Em relação ao primeiro ponto, não há dúvida de que a melhor regra hoje experimentada no mundo é a das metas ajustadas ao ciclo econômico. Esse tipo de regra é derivada da constatação de que os resultados fiscais são afetados pelo ritmo de crescimento econômico: em resumo, as receitas crescem mais do que o PIB nas fases ascendentes do ciclo econômico e caem mais (ou crescem menos) do que o PIB nas fases descendentes.

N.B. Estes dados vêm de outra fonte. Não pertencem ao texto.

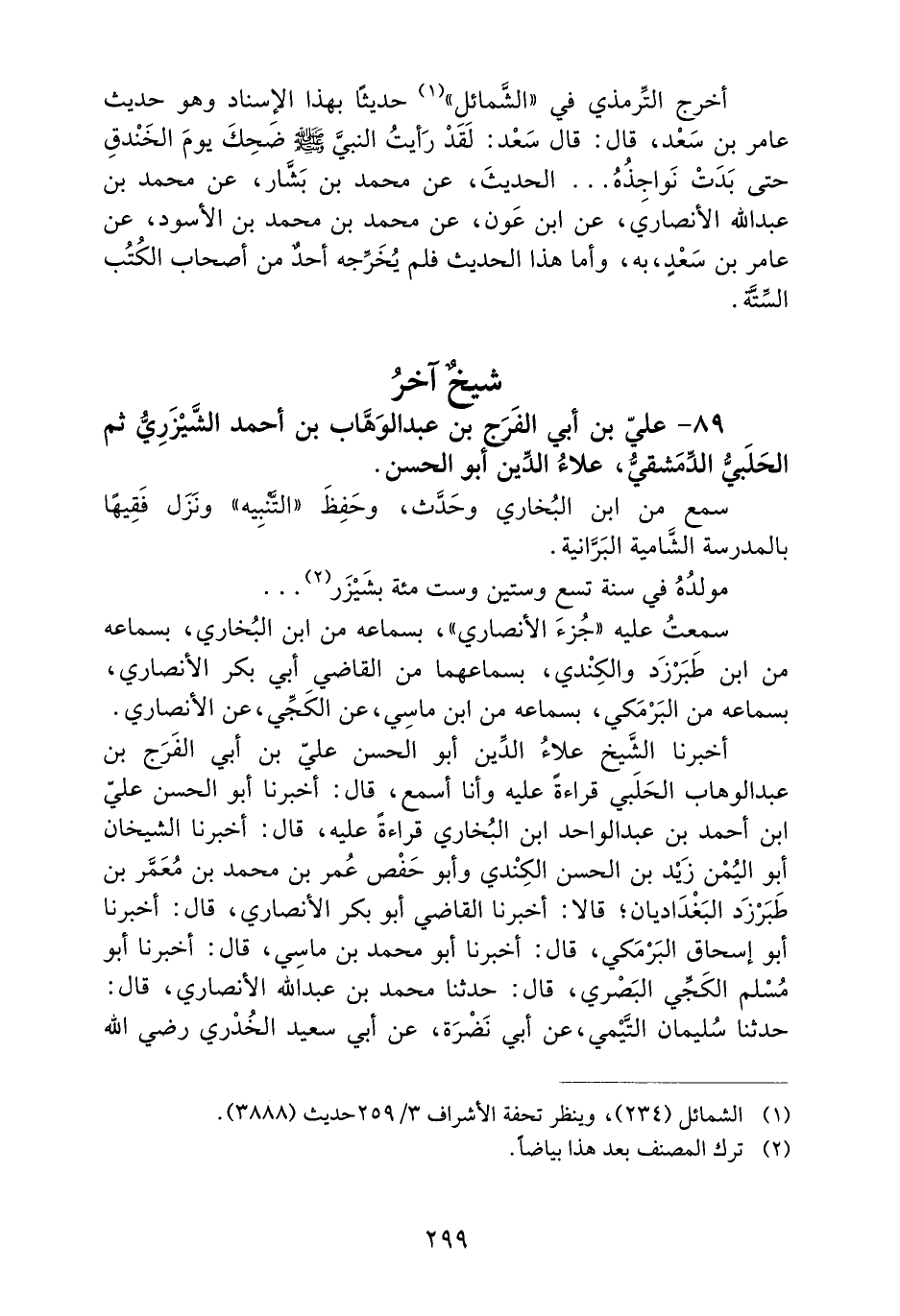 89- عَلِيُّ بْنُ أَبِي الْفَرَجِ بْنِ عَبْدِ الْوَهَّابِ بْنِ أَحْمَدَ الشَّيْزَرِيُّ ثُمَّ الْحَلَبِيُّ الدِّمَشْقِيُّ، عَلاءُ الدِّينِ أَبُو الْحَسَنِ.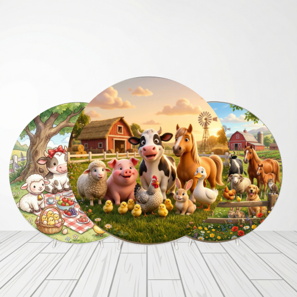 CAPA PAINEL REDONDO FAZENDINHA | TECIDO PREMIUM | VÁRIOS MODELOS - 1.50X1.50M E 50X50CM

No caso do Brasil, por exemplo, os estudos indicam que a receita cresce ou cai cerca de 0,3 pontos porcentuais do PIB para cada um ponto a mais ou a menos de crescimento da economia. Digamos que a meta de superávit primário tenha sido fixada em 1,2% do PIB esperando que a economia crescesse 2%. Se a economia crescer 0%, é muito provável que o resultado será de apenas 0,6% do PIB se o governo não reduzir a despesa para compensar a queda na receita.

Na prática, uma meta rígida (não ajustada ao ciclo) estimula o governo a gastar mais do que precisa nos tempos de "vacas gordas" e, ao contrário, nas recessões, obriga o governo a cortar investimentos ou a recorrer a manobras fiscais para cumprir a meta. Tanto em um caso, quanto em outro, esse tipo de política é ruim para a economia porque acentua - em vez de amenizar - o ciclo econômico.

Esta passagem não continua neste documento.